In the U.S., the rapid transition to high-definition production and broadcasting has boosted demand for Snell & Wilcox’s Kahuna switcher, which is designed to help broadcasters handle a number of different formats as they move to HD. But in a recent interview, the company’s vice president of corporate development, Joe Zaller, also talked about their work for multichannel players and the booming international markets in the run-up to IBC in Amsterdam. An edited transcript follows:
Q: Snell & Wilcox is obviously well known on the broadcast station side of the business. Tell our readers a little bit about what you’re doing in the multichannel space?
A: On the multichannel side, we work with Dish and DirecTV and do a little work with Comcast. It is nothing like what we sell into the broadcast market worldwide, but it is a very strong business.
For example, in the past couple of month, DirecTV has ordered a huge amount of our infrastructure gear.
Another customer is Dish Network. They buy a lot of standard converters from us to bring back international and ethnic content into the U.S. We don’t have 100% of that market, but we probably have 90 plus.
Similarly, we’re very active in terms of high-def at the Olympics. NBC Universal is using something like 50 of our converters to bring back all that content. So every standard-def feed, every high-def feed coming back to the U.S. is coming through one of our converters. If you watching the Olympics, you are watching Snell & Wilcox technology in action.

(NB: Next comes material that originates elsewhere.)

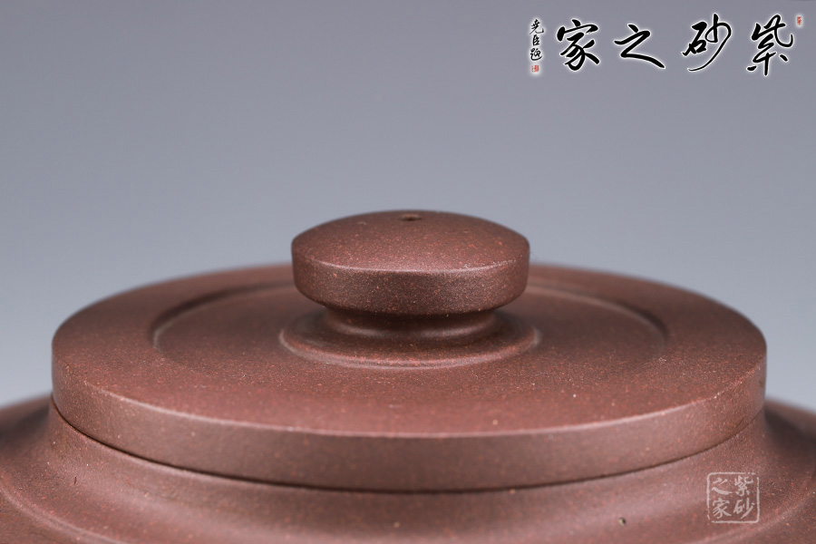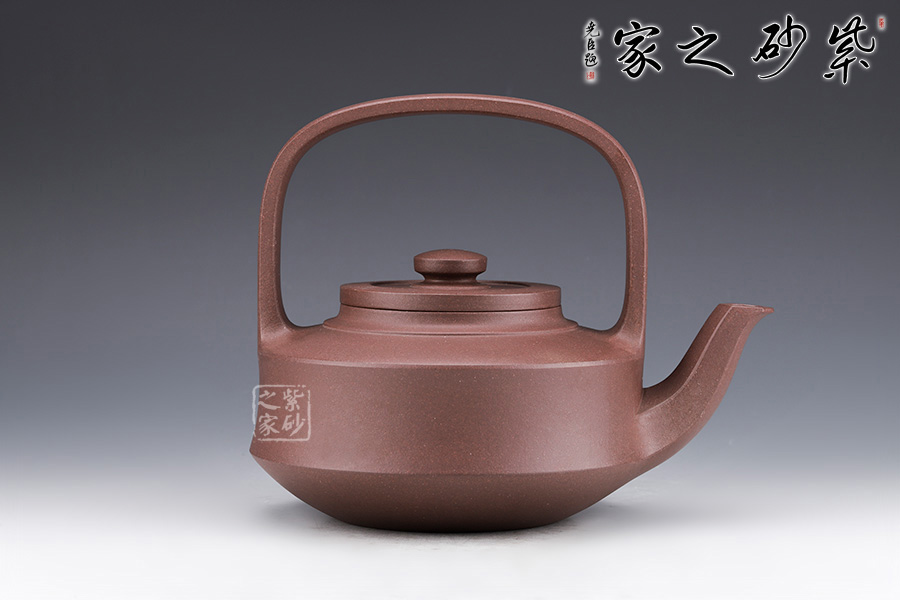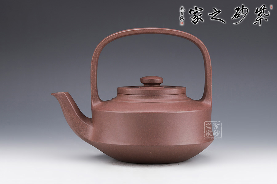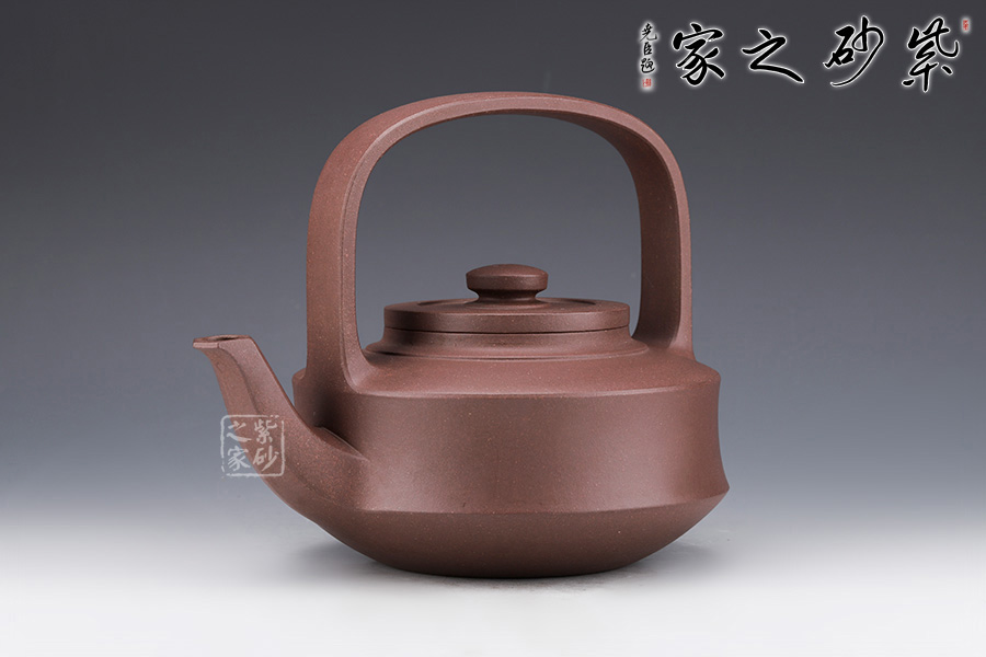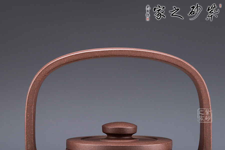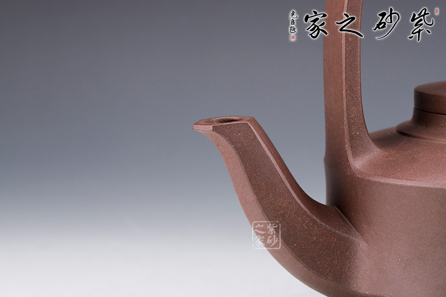 壺身作扁圓柱形,近底微外撇,折收成圓底,淺挖足。壺蓋、壺身、壺嘴棱角分明;壺嘴加以巧妙的曲線,使得圓中有方,然而分明的棱角卻又掩飾不住層層蕩開的波紋,意味無窮。整壺比例和諧勻稱,虛實節(jié)奏協(xié)調(diào),平蓋扁圓鈕、扁提梁,壺嘴從壺腹下部伸出,柔中見剛,工藝精湛。

Another aspect of our work on the multichannel side of the business is this big arms race for the biggest HD offering between DirecTV and Dish. They’ve mandated all the cable programmers to deliver as much HD content to them as possible but a certain amount of that content is not in HD, it is up-converted. And most of it is being up-converted using our converters.

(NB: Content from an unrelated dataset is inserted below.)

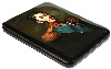 The box is constructed from paper-mache. Black lacquer is used to paint the exterior of the box while red lacquer completes the interior of the work. The lid is hinged from the left of the portrait, and the box rests on a flat bottom. The work is signed with the artist's name.

Q: The German post-production house TV Werk recently announced that they were buying Snell & Wilcox's Kahuna SD/HD multiformat production switcher with IMPAKT 3-D DVE so they could more efficiently handle HD product. As we go into IBC in September, how fast are the Europeans moving to HD and what sort of demand to you see for equipment to help with that transition?
A: We are seeing tremendous dynamist in international markets for gear. But in looking at the demand, you have to divorce production from transmission. Even though every country may not be broadcasting in HD in the short- or mid-term, everyone is producing in HD or buying equipment that is capable of being upgraded easily to HD.

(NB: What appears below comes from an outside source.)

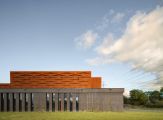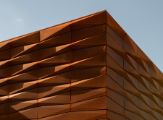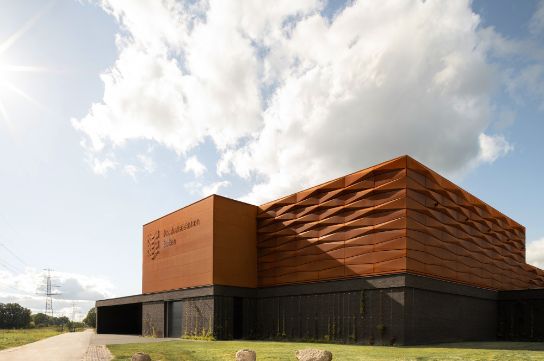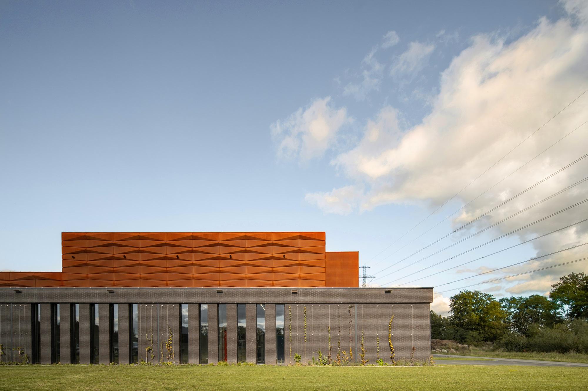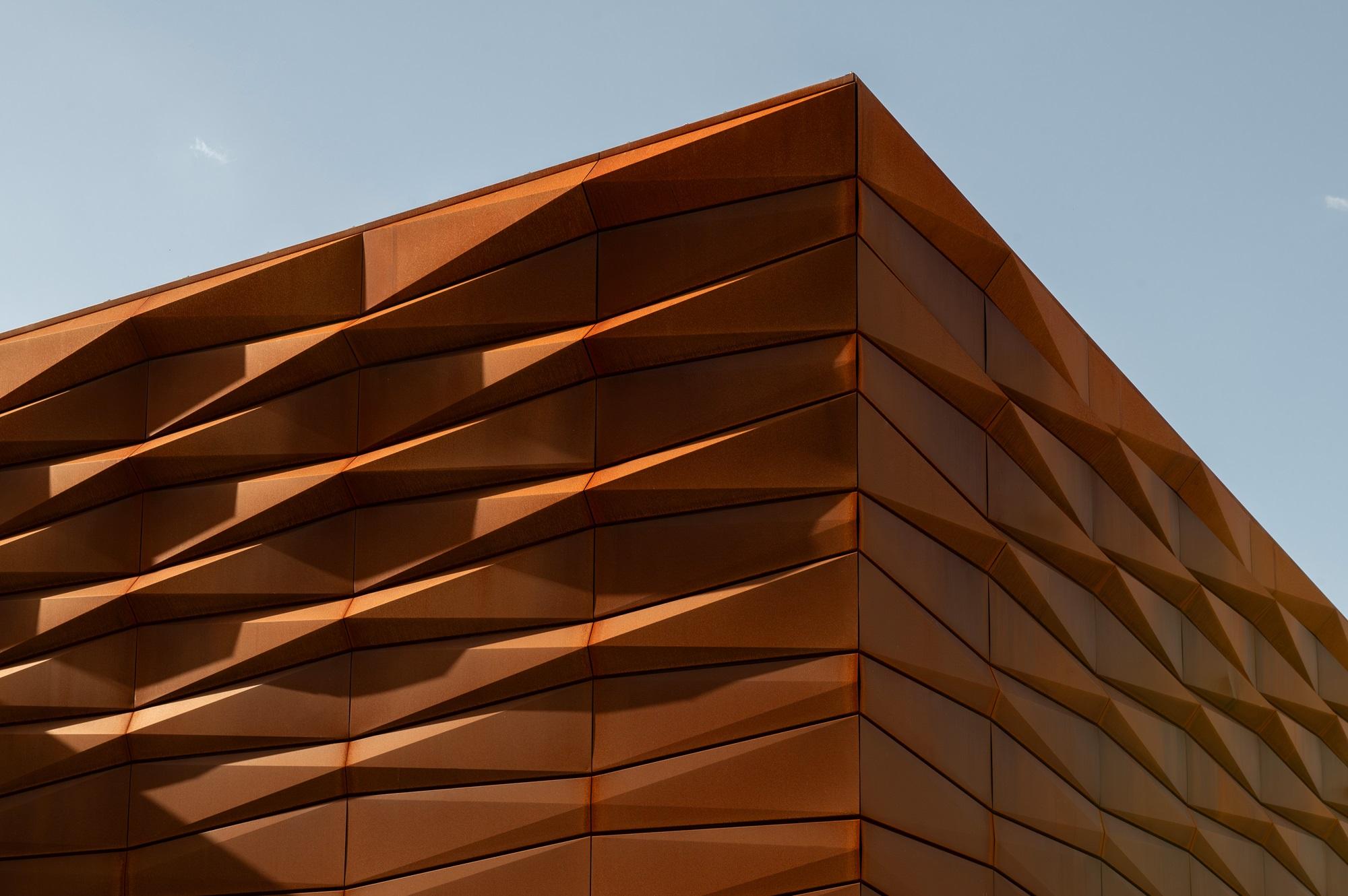 The weathering steel sculpture and the green façades simultaneously refer to the two historical landscapes of area: the higher lying fields of the Beiler Es with variable tones of reddish brown and the lower lying green river valley. The 3D pattern of the weathering steel façade panels also depicts the relief of a water surface.

Why? The cost differential is not that great so it’s hard not to buy high-def capable equipment. Second archives will have more value in the long term if they are producing in HD.
Since the marginal cost of moving to HD is not that great, it makes sense. Even if the channels aren’t going to HD this year, they know their will be a dearth of HD content when they do launch. The U.S. and Japanese markets are saying they want true HD content so if you want to exchange that content or co-produce with those markets, you have to be producing in HD.
So we are seeing really strong demand for those products. Europe is going HD now. Our company is based in the U.K. and that is really helping us because we are actually a much stronger player in terms of the volume of stuff we sell in Europe compared to some of the other companies in our space.
The U.S. obviously is going through this big HD build-out, which we are benefiting from. We’ve done deal with a couple of big station groups for switchers. But in Europe and Asia, is where we’ve won most of our big infrastructure deals. People are upgrading production and news and sports facilities, which create demand for infrastructure and switchers.
And, of course on the conversion side, we are selling a lot of standards converters for the international programming exchange. Almost anything coming from Europe will have come through one of our converters. Everything from the Olympics will have gone through one of our converters.
Q: How do you see the movement by U.S. stations to HD over the next year?
A: There is a financial analyst in Canada at the Bank of Montreal who puts out a weekly infrastructure watch. They cover three Canadian tech companies so they are looking at it from that point of view but according to their numbers, the month of July was the strongest yet for conversations to HD.
You can see that NBC stations want to be on the air with high def by the time Olympics get here and you can see the fall sweeps and the fall season coming up. People want to be on the air with HD for that.
But having said that, you can see GM and Ford and all these guys cutting back on advertising. That will definitely have an impact and we’ve heard that from customers.
From our point of view, though we have deals with that we’ve announced with Raycom Media and with Sinclair Broadcast Group and they are progressing with their plans go to HD.
As part of the economic stimulus package, corporations can take accelerated depreciation on capital expenditure on equipment they buy in 2008 and put into operation in 2008.
So it is possible that companies that were planning to buy a piece of gear in January of 2009 might move that to the end of 2008 so they could take advantage of that accelerated depreciation.
Overall, the market for the gear for infrastructure digitalization and conversion to HD has been pretty robust. Interestingly, a lot of the growth is coming from outside the U.S., which is where we are very strong and where we are seeing a lot of infrastructure work.